The flu virus’s ability to mutate may sometimes be its downfall

One of influenza virus’s main weapons is actually a double-edged sword.

The virus’s ability to rapidly mutate lets it escape from the immune system’s memory and explains why people can be repeatedly re-infected with flu—unlike measles or polio. But those mutations can also blow the virus’s cover, Howard Hughes Medical Institute Investigator Jesse Bloom and colleagues reported May 8, 2019, in the Journal of Virology.

“We usually think of the flu virus’s ability to mutate and evolve as a bad thing for us,” Bloom says. It lets the virus jump from one species to another and evade the defenses provided by the flu vaccine. But, he says, “mutating has a downside for the virus, too.”

The work catalogs the different effects mutated and unmutated viruses have on individual human cells. It’s the first time scientists have taken such a cell-by-cell look and could help explain why people’s reactions to the flu vary so much.

A flu infection begins when flu viruses enter a handful of cells. The viral proteins get to work replicating their genomes and tricking infected cells into making viral proteins. New viruses bearing a copy of the invader’s genome quickly package themselves up and find more cells to invade. Some of those new viruses are exact copies of the original and others contain mistakes.

Billions of viruses will soon infect cells throughout the body—that’s when the aches and pains begin. But not everyone becomes equally sick. One of the reasons for this variation, Bloom says, is that some individuals’ immune systems are better at quickly and robustly controlling the infection.

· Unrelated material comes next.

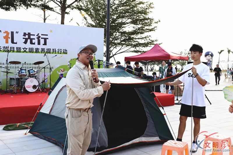 文明風7月16日訊 7月16日下午,廈門市翔安區市民文明行為示范月暨文明素養提升行動之文明露營活動在荻花洲舉行。此次活動以“‘趣’露營 ‘禮’先行”為主題,通過文明倡議、安全科普、知識問答及趣味互動游戲等豐富形式,引導市民樹立文明露營意識,助力提升整體文明素養,共同打造文明翔安。

Before immune cells respond, though, infected cells—usually lung cells—have to detect the virus and let nearby cells know. If the immune system has seen a particular strain before, even in the form of a vaccine, it quickly remembers how to fight it. If the virus has mutated too much since the last infection, the body will need extra time. That’s how the virus’s high mutation rate hampers the body’s defenses, Bloom says.

But it doesn’t explain the variation seen in the severity of people’s infections, he says. Bloom, a virologist at the Fred Hutchinson Cancer Research Center, thought those first few infected cells might hold the answer. Until now, scientists studying flu had largely studied armies of viruses infecting scads of cells. Bloom’s team wanted to tease apart the effect of single viruses on single cells.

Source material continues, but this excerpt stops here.